For the record, my novels up to now bear the titles:


Friends for life

Finch Folly (sometimes Finch's folly)
Barn Dance
Bell Tower Blues

Still unwritten but planned are:

Too many cooks
The beachhut murders

In contrast to the irrelevance of titles of abstract paintings, the titles of novels are an important element! The one I am finishing at the moment "Bell Tower Blues" is aln most a semi-abstract title, since the story moves away from the bell tower (returning to it only in reference) and 'blues' are basically a jazz style. But the implications of the blues are bound up in a particular feeling and no longer just a jazz style. The title "Too many cooks" came to me as I was driving through a village in Northern France. The strange name of the village adapted to Huddle Court. In a jiffy it became a mansion and then a school for wayward teenagers. You'll have to read the book to find out more!  
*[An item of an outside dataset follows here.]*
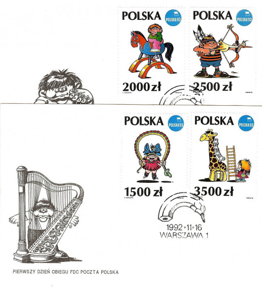 FDC 1992 S-933 Fi 3261-3264 Swiat ilustracji E.Lutczyna
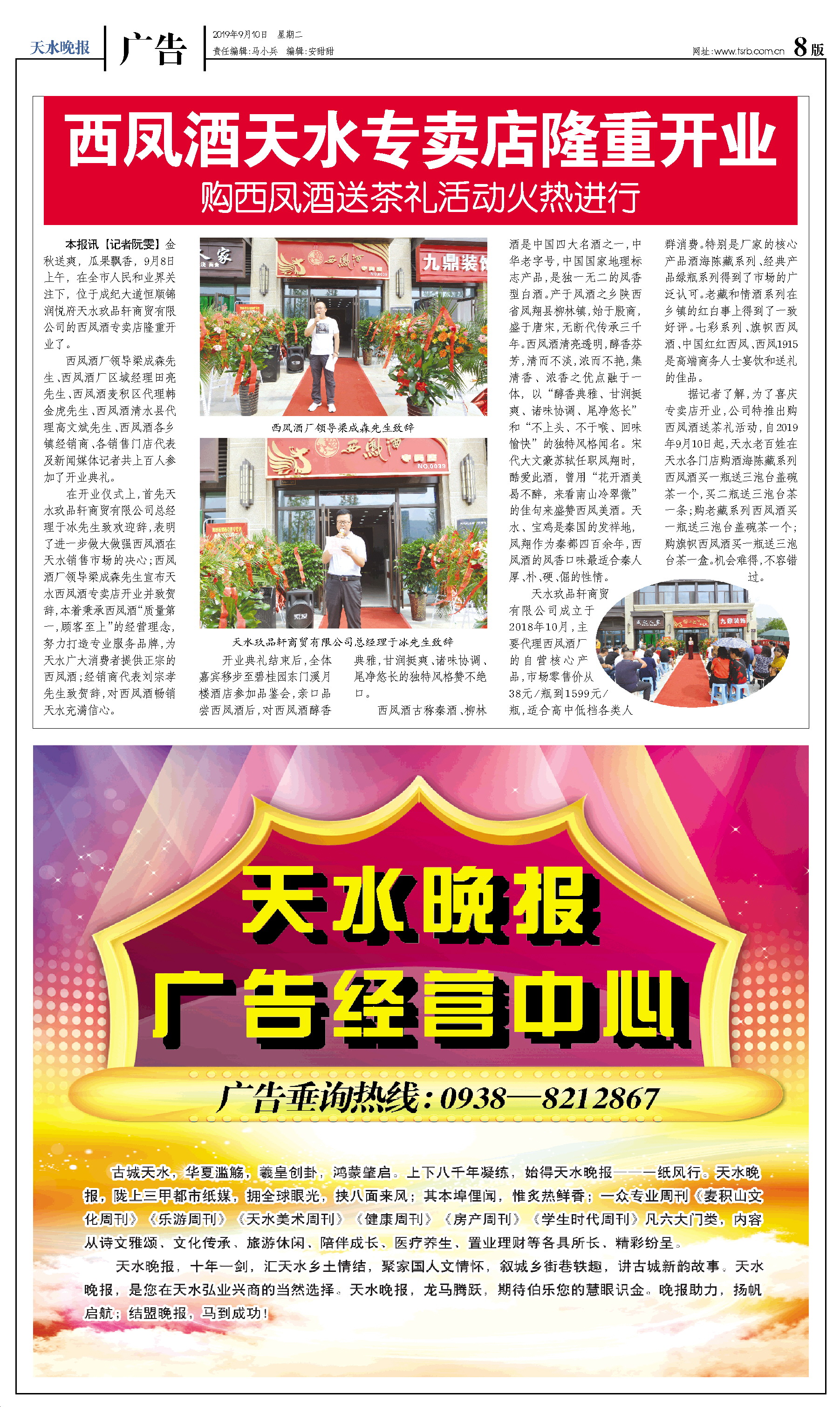 本报讯【记者阮雯】金秋送爽,瓜果飘香,9月8日上午,在全市人民和业界关注下,位于成纪大道恒顺锦润悦府天水玖品轩商贸有限公司的西凤酒专卖店隆重开业了。 西凤酒厂领导梁成森先生、西凤酒厂区域经理田亮先生、西凤酒麦积区代理韩金虎先生、西凤酒清水县代理高文斌先生、西凤酒各乡镇经销商、各销售门店代表及新闻媒体记者共上百人参加了开业典礼。 在开业仪式上,首先天水玖品轩商贸有限公司总经理于冰先生致欢迎辞,表明了进一步做大做强西凤酒在天水销售市场的决心;西凤酒厂领导梁成森先生宣布天水西凤酒专卖店开业并致贺辞,本着秉承西凤酒“质量第一,顾客至上”的经营理念,努力打造专业服务品牌,为天水广大消费者提供正宗的西凤酒;经销商代表刘宗孝先生致贺辞,对西凤酒畅销天水充满信心。 开业典礼结束后,全体嘉宾移步至碧桂园东门溪月楼酒店参加品鉴会,亲口品尝西凤酒后,对西凤酒醇香典雅,甘润挺爽、诸味协调、尾净悠长的独特风格赞不绝口。 西凤酒古称秦酒、柳林酒是中国四大名酒之一,中华老字号,中国国家地理标志产品,是独一无二的凤香型白酒。产于凤酒之乡陕西省凤翔县柳林镇,始于殷商,盛于唐宋,无断代传承三千年。西凤酒清亮透明,醇香芬芳,清而不淡,浓而不艳,集清香、浓香之优点融于一体,以“醇香典雅、甘润挺爽、诸味协调、尾净悠长”和“不上头、不干喉、回味愉快”的独特风格闻名。宋代大文豪苏轼任职凤翔时,酷爱此酒,曾用“花开酒美曷不醉,来看南山冷翠微”的佳句来盛赞西凤美酒。天水、宝鸡是秦国的发祥地,凤翔作为秦都四百余年,西凤酒的凤香口味最适合秦人厚、朴、硬、倔的性情。 天水玖品轩商贸有限公司成立于2018年10月,主要代理西凤酒厂的自营核心产品,市场零售价从38元/瓶到1599元/瓶,适合高中低档各类人群消费。特别是厂家的核心产品酒海陈藏系列、经典产品绿瓶系列得到了市场的广泛认可。老藏和情酒系列在乡镇的红白事上得到了一致好评。七彩系列、旗帜西凤酒、中国红红西凤、西凤1915是高端商务人士宴饮和送礼的佳品。 据记者了解,为了喜庆专卖店开业,公司特推出购西凤酒送茶礼活动,自2019年9月10日起,天水老百姓在天水各门店购酒海陈藏系列西凤酒买一瓶送三泡台盖碗茶一个,买二瓶送三泡台茶一条;购老藏系列西凤酒买一瓶送三泡台盖碗茶一个;购旗帜西凤酒买一瓶送三泡台茶一盒。机会难得,不容错过。

The more I write, the more powerful I become as a writer - that does not mean that I am a powerful writer!!! only that a writer develops concrete powers of jurisdiction over what he or she writes and the ability to slip into the role of a character increases. My decision-making becomes more lucid as I go on, although it is said that characters take over. That may be true, but only until they are struck down (by the author) if they become too intrusive or disliked (by the author). Going back over and revising earlier works is proof of all of this. But then, we all either move on or stay still in our own character development. That is really the only choice we have, since we cannot go backwards!

For me, the blank page is like an empty stage, a raw melody, or an unpainted canvas. The most curious part of pursuing these three forms of creativity (activity) is that the instruments are basically the same: the desire for harmony, colour and coherence being the strongest impulses.